### AIM OF THE EXERCISE
From the data below, copy exactly the lines that lie between the one holding "Из профилированного клееного" and the one holding "ohne Nachfrage überschrieben", including both, and nothing more.

### RECORDED DATA

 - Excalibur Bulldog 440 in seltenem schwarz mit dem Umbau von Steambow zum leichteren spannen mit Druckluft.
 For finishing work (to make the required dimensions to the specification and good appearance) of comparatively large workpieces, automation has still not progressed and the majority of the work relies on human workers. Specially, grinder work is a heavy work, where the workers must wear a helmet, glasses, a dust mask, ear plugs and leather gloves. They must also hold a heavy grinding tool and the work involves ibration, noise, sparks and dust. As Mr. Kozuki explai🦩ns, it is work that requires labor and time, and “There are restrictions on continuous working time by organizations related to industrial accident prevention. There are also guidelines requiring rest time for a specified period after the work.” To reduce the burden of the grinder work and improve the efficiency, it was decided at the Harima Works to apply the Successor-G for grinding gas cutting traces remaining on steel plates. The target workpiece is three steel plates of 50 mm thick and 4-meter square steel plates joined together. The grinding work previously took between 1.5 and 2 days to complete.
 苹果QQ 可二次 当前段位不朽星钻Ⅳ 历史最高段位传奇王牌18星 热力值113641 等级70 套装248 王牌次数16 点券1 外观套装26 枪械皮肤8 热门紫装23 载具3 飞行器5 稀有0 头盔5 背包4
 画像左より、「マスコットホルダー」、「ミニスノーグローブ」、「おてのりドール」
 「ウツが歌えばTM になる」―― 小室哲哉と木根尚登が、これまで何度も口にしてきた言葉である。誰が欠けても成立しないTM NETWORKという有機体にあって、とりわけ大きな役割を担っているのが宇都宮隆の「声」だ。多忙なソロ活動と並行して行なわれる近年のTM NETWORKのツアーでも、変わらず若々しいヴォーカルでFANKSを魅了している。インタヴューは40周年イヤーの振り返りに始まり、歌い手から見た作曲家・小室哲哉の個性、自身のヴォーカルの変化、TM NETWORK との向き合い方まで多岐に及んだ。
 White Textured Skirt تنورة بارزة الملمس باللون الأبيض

* * *

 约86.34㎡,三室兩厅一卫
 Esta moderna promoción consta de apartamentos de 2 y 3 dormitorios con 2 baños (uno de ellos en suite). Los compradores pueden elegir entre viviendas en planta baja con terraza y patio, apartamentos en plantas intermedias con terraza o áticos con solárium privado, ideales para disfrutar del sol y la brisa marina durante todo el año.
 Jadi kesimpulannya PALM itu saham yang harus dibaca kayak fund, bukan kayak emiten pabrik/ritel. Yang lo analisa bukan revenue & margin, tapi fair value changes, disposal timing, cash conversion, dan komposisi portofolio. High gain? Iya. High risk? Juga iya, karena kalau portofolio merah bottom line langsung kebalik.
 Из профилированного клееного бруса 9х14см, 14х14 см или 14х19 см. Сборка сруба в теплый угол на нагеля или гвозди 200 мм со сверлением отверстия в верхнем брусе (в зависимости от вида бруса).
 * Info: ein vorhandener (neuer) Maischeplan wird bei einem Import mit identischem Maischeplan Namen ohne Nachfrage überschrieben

### RESULT OF THIS TASK
 Из профилированного клееного бруса 9х14см, 14х14 см или 14х19 см. Сборка сруба в теплый угол на нагеля или гвозди 200 мм со сверлением отверстия в верхнем брусе (в зависимости от вида бруса).
 * Info: ein vorhandener (neuer) Maischeplan wird bei einem Import mit identischem Maischeplan Namen ohne Nachfrage überschrieben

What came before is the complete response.